# radeon 6570, loading turks microcode hangs for 30 seconds

## nateo

I'm a gentoo newbie, but have been using Debian for a long time. 

Anyway, I am unable to get my kernels to run my Radeon 6570 card. I'm pretty certain I'm following the directions properly and have included the requisite binary blobs. That said, whenever I boot, the system hangs for about 60 seconds while it is "loading TURKS microcode". Subsequent attempts to start X fall back on VESA, which runs but doesn't look very pretty.

Any suggestions?

----------

## DONAHUE

```
emerge wgetpaste

wgetpaste /usr/src/linux/.config

wgetpaste /etc/portage/make.conf 

wgetpaste /etc/make.conf

ls /lib/firmware/radeon | wgetpaste
```

post the url's returned. you may not have one or the other make.conf

----------

## NeddySeagoon

nateo,

Welcome to Gentoo.

You should find some messages in dmesg about microcode loading, what files were lokked for and the varyig degrees of success.

Radeon should work without microcode but you will be missing 3D hardware acceleration.  That suggests you have two issues

Tell us where the microcode file(s) are and if the radeon kernel module is configured as <M> or <*>.

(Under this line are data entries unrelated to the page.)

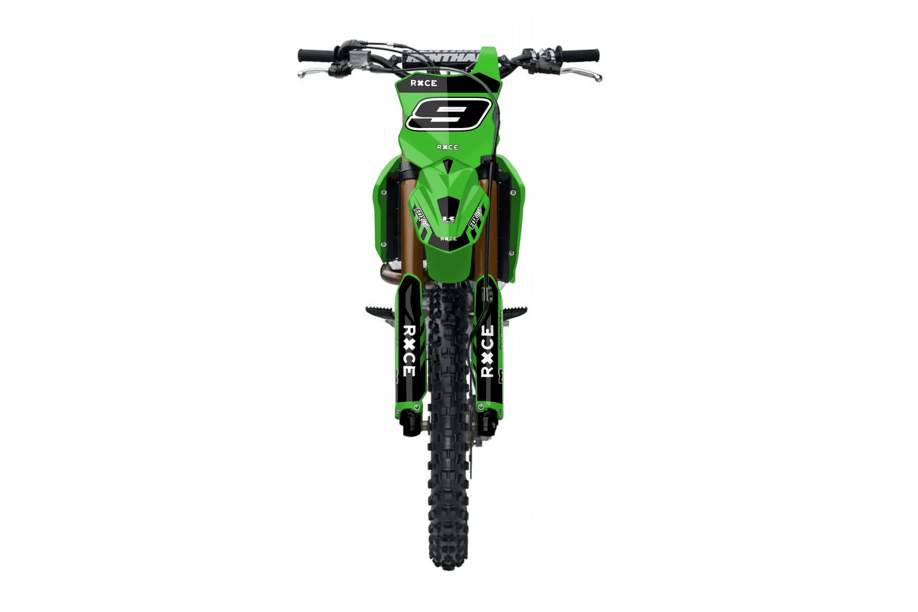 «Jordan Green KX» — готовый комплект графики серии Maverick для Kawasaki MX Graphic Kit Kawasaki KX450F 2016. В комплекте: графика на бак и боковые облицовки, крылья (переднее и заднее), передний щиток, номерные таблички, защита вилки. Материал: ПВХ-винил 80 мкр с холодной ламинацией 300 мкр, общая толщина 380 мкр; покрытие глянцевое или матовое на выбор. Устойчив к UV-излучению, воде, бензину и мойке высокого давления. Клей акриловый на сольвентной основе — постоянный, для гибких пластиков. На простых поверхностях монтируется без нагрева; для сложных изгибов рекомендуем фен. Этот пресет можно заказать как есть или взять за основу в конструкторе: поменять цвета, добавить стартовый номер и свой бренд. Производство — 3–5 рабочих дней, доставка по России СДЭКом или Почтой, по СНГ — курьерскими службами.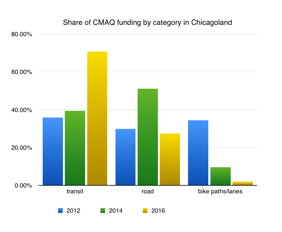 The CMAQ funding program has been essential to building needed bicycle and transit infrastructure, and the CMAP committees and board must continue to reducing the share of road and driving projects while working with municipalities to design good projects.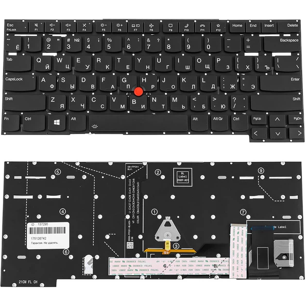 Клавіатура для ноутбука LENOVO (ThinkPad: X1 Carbon 11th Gen) rus, black, без фрейму, підсвічування клавіш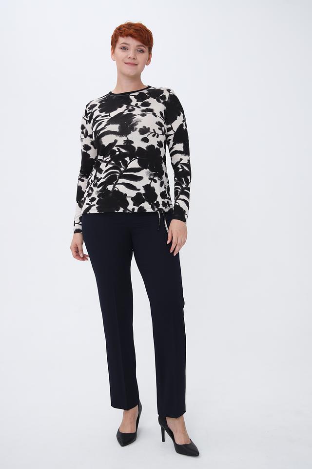 Модель имеет удобный крой с длинными рукавами и классическим круглым вырезом горловины. Пуловер изготовлен из высококачественной вискозы (95%) с добавлением эластана (5%), что обеспечивает мягкость, комфорт и хорошую посадку по фигуре.

Mane friends with wgetpaste and put your kernel .config file and your dmesg on a pastebin site, then tell us the URLs.

----------

## nateo

Here you go:

http://bpaste.net/show/46455/

http://bpaste.net/show/46456/

http://bpaste.net/show/46457/

Thanks for taking a look!

----------

## DONAHUE

It wants turks  *Quote:*   

> "loading TURKS microcode"

  but you only gave it

```
 CONFIG_EXTRA_FIRMWARE="radeon/BARTS_mc.bin radeon/BARTS_me.bin radeon/BARTS_pfp.bin"
```

 built into kernel

----------

## NeddySeagoon

nateo,

Please choose the make.conf you like best and delete the other one.  Portage will use both, in order. It won't get confused but you might.

```
CONFIG_EXTRA_FIRMWARE="radeon/BARTS_mc.bin radeon/BARTS_me.bin radeon/BARTS_pfp.bin"

CONFIG_EXTRA_FIRMWARE_DIR="/lib/firmware"
```

make me nervous.

Does the kernel add the trailing / to "/lib/firmware" or not?

I have CONFIG_EXTRA_FIRMWARE_DIR="/lib/firmware/"  with the trailing /.

/lib/firmwareradeon/BARTS_mc.bin will fail.   /lib/firmware//radeon/BARTS_mc.bin is safe.

----------

## nateo

Sorry about that. That last .config was not typical of my kernel setup.

This one better represents what I've been doing:

http://bpaste.net/show/46459/

The above has all the blobs that the gentoo xorg guide specifies (http://www.gentoo.org/doc/en/xorg-config.xml).

Anyway, I re-compiled and copied to boot, but it still doesn't work and I am have the same symptoms (i.e., hangs for 60 sec. while loading microcode, fallback to VESA when starting X).

Thanks again for looking.

----------

## nateo

 *NeddySeagoon wrote:*   

> Does the kernel add the trailing / to "/lib/firmware" or not?

 

I've tried it with both a trailing / and without. Doesn't make any difference. The kernel seems to find the firmware and compile it in. I've also checked that the requisite firmware is in the specified directory. It is.

----------

## DONAHUE

```
dmesg | wgetpaste

lspci -k | wgetpaste
```

post url's

----------

## nateo

Here's dmesg:

http://bpaste.net/show/46460/

Thanks for your time!

----------

## nateo

And I have radeon built into the kernel with <*>

----------

## nateo

And here's lspci:

http://bpaste.net/show/46461/

Thanks indeed!

----------

## NeddySeagoon

nateo,

```
[    0.709805] [drm] Loading TURKS Microcode

[   61.920599] ni_cp: Failed to load firmware "radeon/BTC_rlc.bin"

[   61.920743] [drm:evergreen_startup] *ERROR* Failed to load firmware!
```

The file radeon/BTC_rlc.bin is not compiled into your kernel.  When you have that, the kernel may fail to load another file.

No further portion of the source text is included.